Objective  To measure performance of digital screening mammography with and without CAD in US community practice.

Design, Setting, and Participants  We compared the accuracy of digital screening mammography interpreted with (n = 495 818) vs without (n = 129 807) CAD from 2003 through 2009 in 323 973 women. Mammograms were interpreted by 271 radiologists from 66 facilities in the Breast Cancer Surveillance Consortium. Linkage with tumor registries identified 3159 breast cancers in 323 973 women within 1 year of the screening.

Main Outcomes and Measures  Mammography performance (sensitivity, specificity, and screen-detected and interval cancers per 1000 women) was modeled using logistic regression with radiologist-specific random effects to account for correlation among examinations interpreted by the same radiologist, adjusting for patient age, race/ethnicity, time since prior mammogram, examination year, and registry.
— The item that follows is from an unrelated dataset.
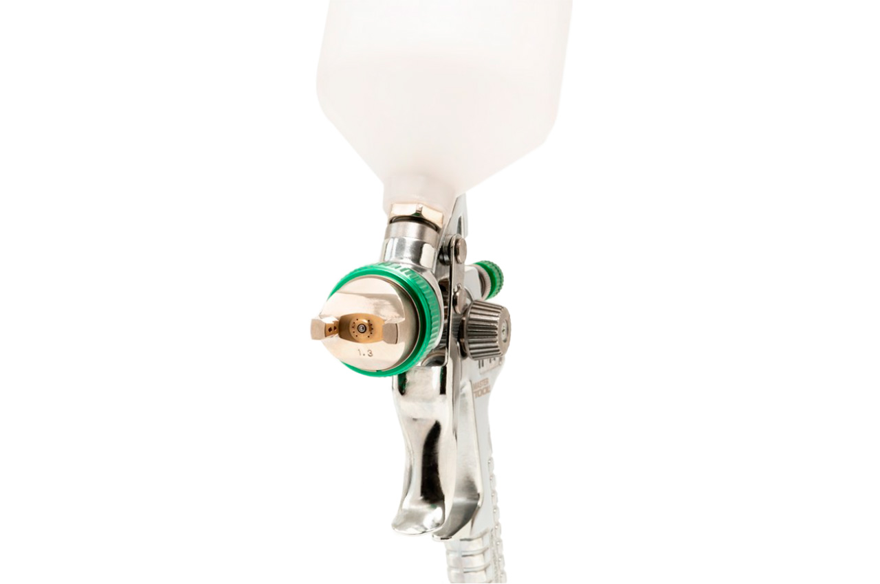 Пневмопистолет HVLP, пластиковый бачок. Применяется для нанесения лакокрасочных материалов, (таких как лак, олифа, краска, грунтовка, глянец, глазурь, эмаль) и клея на поверхности из пластика, металла, дерева, керамики. Используется в строительстве, мебельной промышленности, автомобильном сервисе и т. д.

Conditional logistic regression was used to compare performance among 107 radiologists who interpreted mammograms both with and without CAD.

Results  Screening performance was not improved with CAD on any metric assessed. Mammography sensitivity was 85.3% (95% CI, 83.6%-86.9%) with and 87.3% (95% CI, 84.5%-89.7%) without CAD. Specificity was 91.6% (95% CI, 91.0%-92.2%) with and 91.4% (95% CI, 90.6%-92.0%) without CAD. There was no difference in cancer detection rate (4.1 in 1000 women screened with and without CAD). Computer-aided detection did not improve intraradiologist performance. Sensitivity was significantly decreased for mammograms interpreted with vs without CAD in the subset of radiologists who interpreted both with and without CAD (odds ratio, 0.53; 95% CI, 0.29-0.97).

Conclusions and Relevance  Computer-aided detection does not improve diagnostic accuracy of mammography. These results suggest that insurers pay more for CAD with no established benefit to women.